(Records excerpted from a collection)
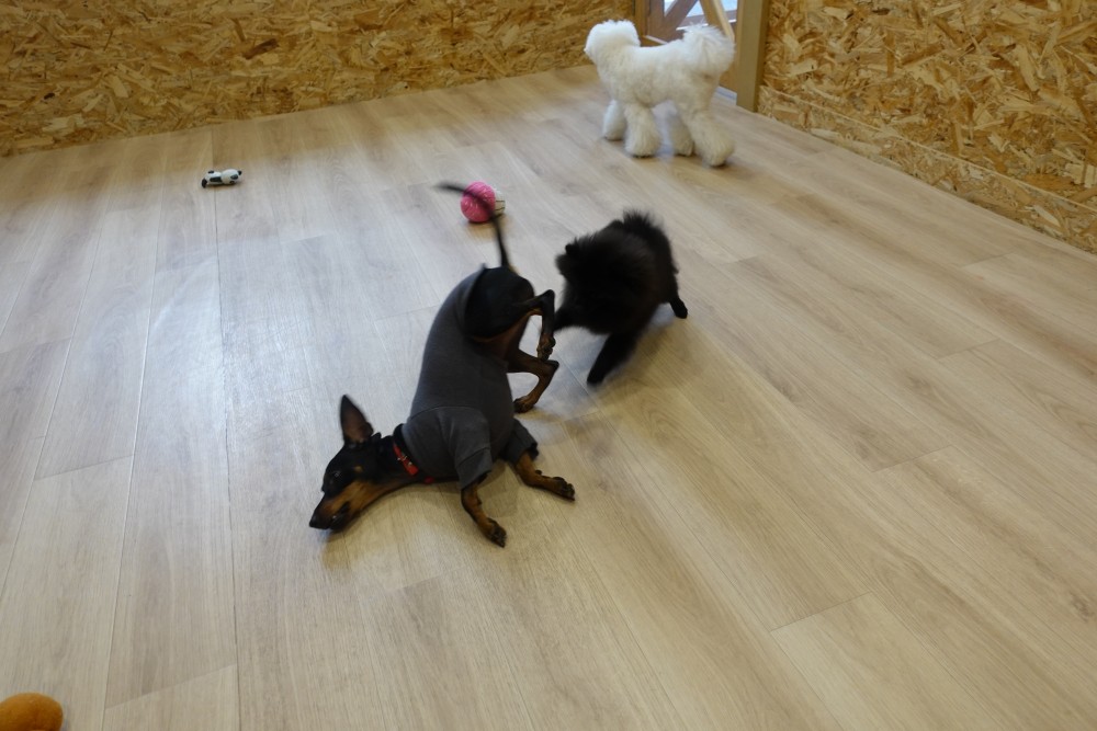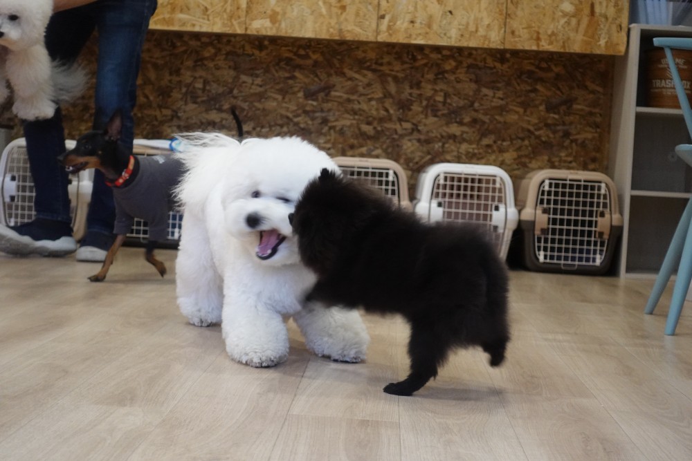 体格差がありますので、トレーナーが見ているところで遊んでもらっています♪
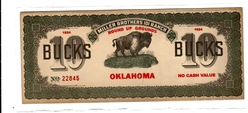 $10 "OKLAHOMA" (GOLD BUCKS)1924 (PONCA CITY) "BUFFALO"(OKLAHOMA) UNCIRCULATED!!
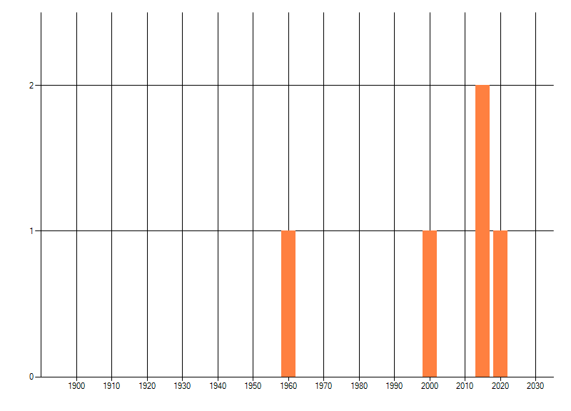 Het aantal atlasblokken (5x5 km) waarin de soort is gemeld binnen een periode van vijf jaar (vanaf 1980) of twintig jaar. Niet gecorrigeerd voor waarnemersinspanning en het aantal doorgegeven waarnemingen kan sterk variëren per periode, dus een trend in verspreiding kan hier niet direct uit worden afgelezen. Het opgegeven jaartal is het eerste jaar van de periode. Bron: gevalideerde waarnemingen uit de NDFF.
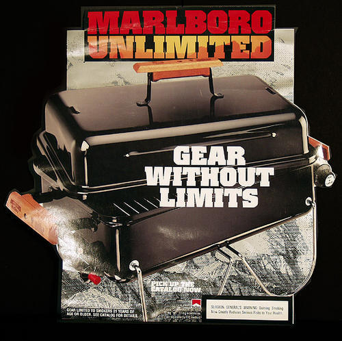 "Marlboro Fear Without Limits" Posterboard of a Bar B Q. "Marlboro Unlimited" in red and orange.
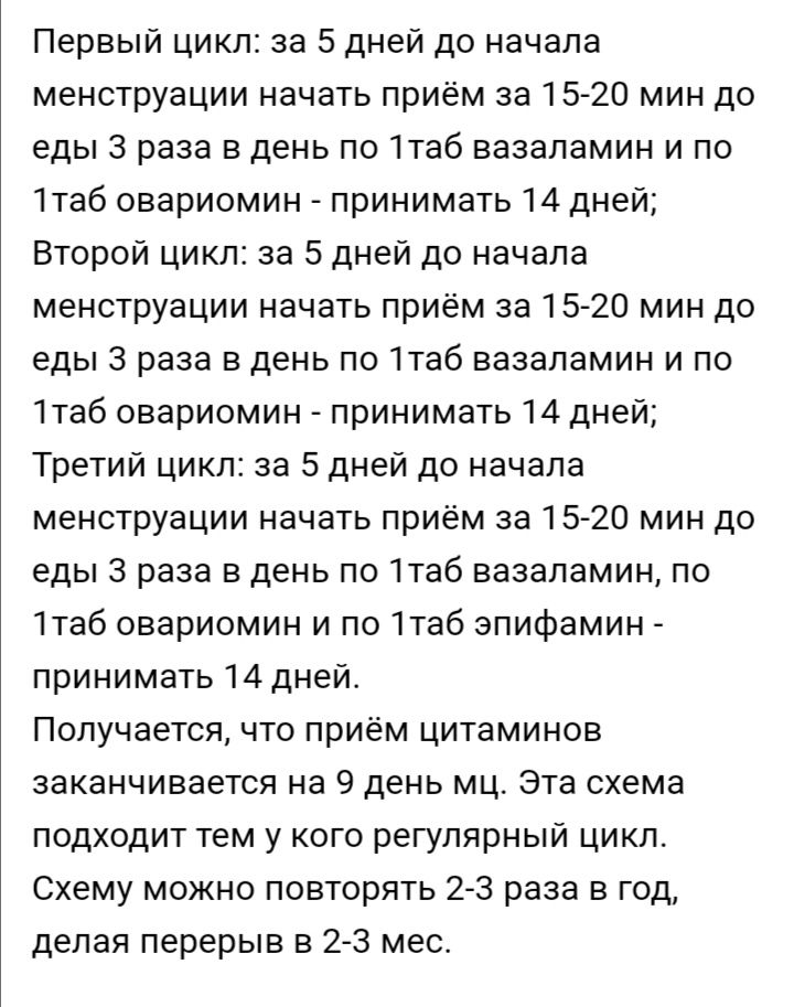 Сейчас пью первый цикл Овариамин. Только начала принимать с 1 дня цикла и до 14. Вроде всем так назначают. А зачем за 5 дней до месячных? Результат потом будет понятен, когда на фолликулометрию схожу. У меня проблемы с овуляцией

#### Task statement:
Return each entry exactly as it appears above, but exclude the pictures.

#### Exercise answer:
 体格差がありますので、トレーナーが見ているところで遊んでもらっています♪
 $10 "OKLAHOMA" (GOLD BUCKS)1924 (PONCA CITY) "BUFFALO"(OKLAHOMA) UNCIRCULATED!!
 Het aantal atlasblokken (5x5 km) waarin de soort is gemeld binnen een periode van vijf jaar (vanaf 1980) of twintig jaar. Niet gecorrigeerd voor waarnemersinspanning en het aantal doorgegeven waarnemingen kan sterk variëren per periode, dus een trend in verspreiding kan hier niet direct uit worden afgelezen. Het opgegeven jaartal is het eerste jaar van de periode. Bron: gevalideerde waarnemingen uit de NDFF.
 "Marlboro Fear Without Limits" Posterboard of a Bar B Q. "Marlboro Unlimited" in red and orange.
 Сейчас пью первый цикл Овариамин. Только начала принимать с 1 дня цикла и до 14. Вроде всем так назначают. А зачем за 5 дней до месячных? Результат потом будет понятен, когда на фолликулометрию схожу. У меня проблемы с овуляцией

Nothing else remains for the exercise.